While We’re Young – Review

While We’re Young – Review

While We’re Young is the new film by director Noah Baumbach, who previously directed The Squid and the Whale, which came out in 2005. This is supposedly a comeback movie and return to form, but frankly I don’t see what all the talk is about. I shall explain in due course.

The film’s two main stars are Ben Stiller and Naomi Watts. They play forty-somethings whose lives have hit a rut. Stiller is a documentary film maker, who has been working on his latest project for eight years. Acting as a metaphor for his own life – his film has somewhat stalled to say the least.

We are then introduced to two twenty something hipsters portrayed by Adam Driver and Amanda Seyfried. They are present at a lecture given by Stiller, and Driver professes to admire his previous documentary, despite the fact that it was not available to the general public. This impresses Stiller. What ensues is a burgeoning friendship between the two couples which sees the older pair attempting to reclaim the youth they thought was lost forever. This incorporates some funny scenes and the film seems to be rolling along nicely, but then everything changes.

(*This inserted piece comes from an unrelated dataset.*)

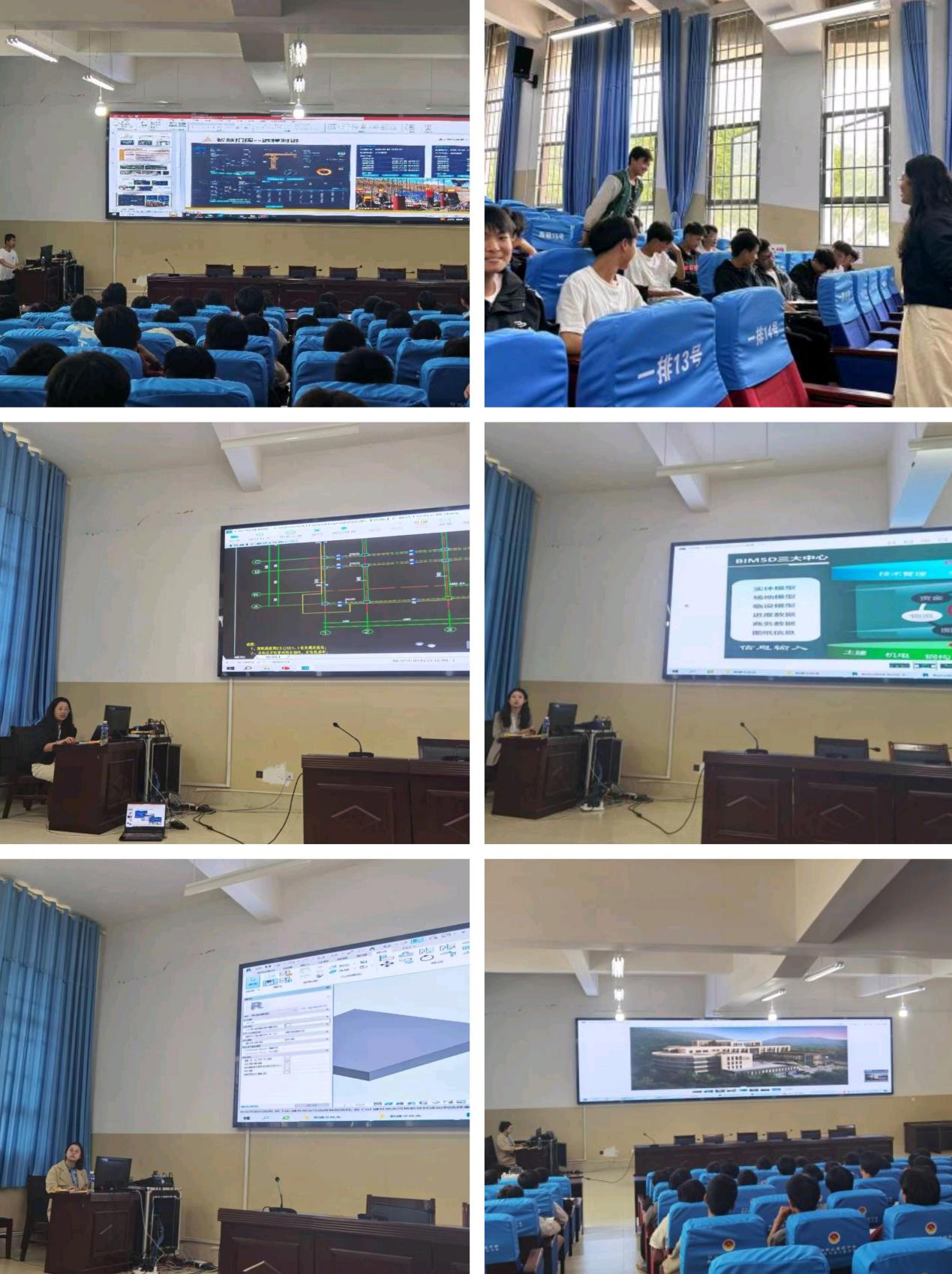 张凤婷老师讲解了BIM技术在建筑行业的应用,以今年会官网的教学楼和图书馆建筑为例,给学生演示了BIM模型。左婷老师介绍了施工现场数字化施工的应用前沿,并给学生展示了今年今年会官网学生参加第五届全国高校智能建造创新应用大赛总决赛数字化施工方案设计荣获一等奖的学生作品。王绮滢老师还原了生动的课堂,带给学生钢筋平法专业基础知识,并应用钢筋平法识图教学软件将学生难以理解的结构施工图以直观、立体的钢筋信息模型展现出来,并以在校学生做的建筑信息模型为例,展示了建筑信息技术在工程计量计价中的应用。另外,品茗科技股份有限公司工作人员给学生介绍了智慧工地、绿色工地。

Whereas the first half of the picture is a joy, the second is a hideous mishmash, which boils down into one ugly melange of scenes. The latter half is bogged down by a confusing, convoluted plot about Driver using Stiller to get ahead with his own movie making career. The gulf in quality between the two halves is immense. It is amazing that no one noticed the film had lost its mojo.

The movie – despite its glaring faults – is well acted. Stiller, Watts and Driver all play their respective roles well. On the other hand I was not impressed by Seyfried, who was crass and foul mouthed, and not in a funny way. The performance in While We’re Young is the great Charles Grodin who plays Watts’ father and is best known for starring nineties film Beethoven. You may also remember him from the fantastic performance he gave alongside Robert De Niro in the 1988 comedy Midnight Run. Now eighty years old and no longer the strongly built character he was, he thoroughly looks his age. However, the second he opened his mouth and that rich voice came out, he stole the show. His strained relationship with Stiller and a hilarious scene where he seems confounded by Oreos are a rare highlight.

I really tried to like this movie, but in the end it just failed to convince me. The feeling of disappointment left by the second half and the tepid ending is hard to ignore. For the great first part and the performance of Charles Grodin I am giving the film two stars. This movie isn’t a plague, but if I were you I would still avoid it.